It might be temp, but I don't see any reason at all why that processor would heat up to the point where it would stop compiling. It doesn't seem like it would be a very hot processor. And about the fan in acpi, why wouldn't you need it?

----------

## DirtyHairy

There aren't many things that put more strain on the system and especially CPU than compiling software. If the fan don't work, then the risk of overheating is very high, and this most certainly causes a system to freeze and can even do physical damage to the system. On many systems, there is internal circuitry (e.g. an embedded controller) which takes care of regulating fan speed and temperature, but afaik, on some system this has to be initialized or possibly even done by the OS. As I said, my girlfriends omnibook is such a case --- no fan module really means no fan activity there, which makes it possible to boil coffee on the CPU while compiling  :Wink: 

P.S.: The module is most certainly present on the live CD and gets loaded on boot, which would explain why everything went smoothly in this environment.

----------

## kraix

Apparently you missed what I was actually saying. Their processor doesn't seem fast enough in any sense to produce that much heat, at least enough to cause a system freeze at the minimum. And why wouldn't you include the fan module even if you didn't think you needed it? It won't  hurt the system even if you had it and didn't need it.

----------

## DirtyHairy

 *Quote:*   

> Their processor doesn't seem fast enough in any sense to produce that much heat

 

Well, no need to make a battle of viewpoints out of this, but: those things run at the order of 1.5GHz or more when on full speed, and I would suppose this to be enough to cause overheating under stress without active cooling. The only x86 processors I know of that can actually don't need active cooling under stress are early low-power pentium (or lower) variants.

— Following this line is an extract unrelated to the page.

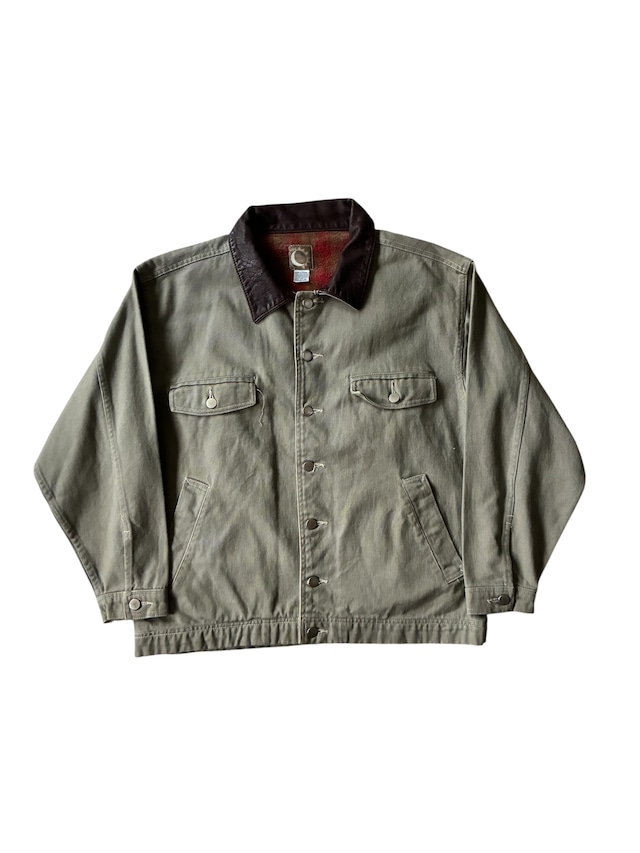 タフなツイル生地のボディに襟のレザーでの切り替え ワークタイプの作りでコーデの親和性が高いベーシックな作りが秀逸 裏地のチェックやタグのデザインといった見えない部分がすごく素敵 . 肩幅 55 身幅 60 着丈 65 袖丈 55 . 《注意事項》 ◆取扱商品はすべて古着となります。特性上、小さなシミやほつれ等がある場合がございます。その特性をご理解頂ける方のみご購入ください。 ◆掲載商品の画像に関しまして、ご覧になっているブラウザやパソコン等の環境により、実際のカラーと異なる場合がございます。あらかじめご了承ください。 ◆ご注文後の内容変更、キャンセルは一切お受けできません。掲載内容(サイズ・画像のカラー)と実際の商品との若干のズレに関しましても返品対応しかねます。 ◆注文内容と異なる商品をお届けした場合、当店の過失の場合には返品対応致します。その際ご返送前にご連絡くださいませ。尚、返品対応期間は商品到着後、4日以内とさせて頂きます。それ以降になりますとご対応出来かねますので、あらかじめご了承ください。 ◆別々でご注文頂いた場合、同梱することはできません。 ◆配送はゆうパックもしくはレターパックになります。 ◆入金確認後7日以内の配送を予定しております。 ◆配送後、期間以内にお受け取りされない場合、商品は当社まで返送されます。当社返送後の再配達をご希望の場合には、再配達の往復費用がお客様のご負担となりますのでご注意ください。

And as to why not include a kernel module: first of all, accident (most of the ACPI stuff is disabled by default, don't know if this applies to the fan module). I still have to meet someone who never had to recompile a kernel because he forgot to activate something. Also, it pays off to develop the habit of not including too much dead weight in the kernel, you won't need most of the stuff you can choose; in the best case, it increases kernel size, in the worst case, it causes conflicts or even instability...

----------

## kraix

Well, have you tried downgrading your kernel? I tried downgrading to a 2.6.18 kernel and my system is working great now. Unless there is some reason that you need to use a 2.6.19 or 2.6.20 kernel?

And about the overheating, you obviously haven't ever used a pentium pro. After about an hour of light use I almost burned my hand on one, with what I thought was reasonable cooling. And since the earliar kernel works, at least on my system, it probable isn't that it is overheating. And it is called modules, not compiling everything in.

----------

## eccerr0r

At one point I had an Omnibook 6000 (P3-800).  It was working perfectly fine (both Windows and Linux) for months until its fan got clogged up with dust.  The machine would not remain stable anymore under either OS when I noticed the fan had seized.

After a few minutes of CPU activity the machine would always lock up.  After getting the chassis swapped, I once again got stability (it was under 'extended' warranty so I got a free swapout.)

btw- it depends on the cpu what code will make it 'hottest'... compiling code may do it for some cpu models (though unlikely), running distributed.net or folding@home usually are worse.

----------

## magemaster

Thank you very much for all assistance.

Firstly, yes the fan on acpi is enabled, but /proc/acpi/fan is empty

No, I didn't try a older kernel...

The fan IS working, constantly in slow speed.

The notebook is damn hot. Even on windows.

Research on google and find out that this is a problem with the HP DV6000 notebooks....

----------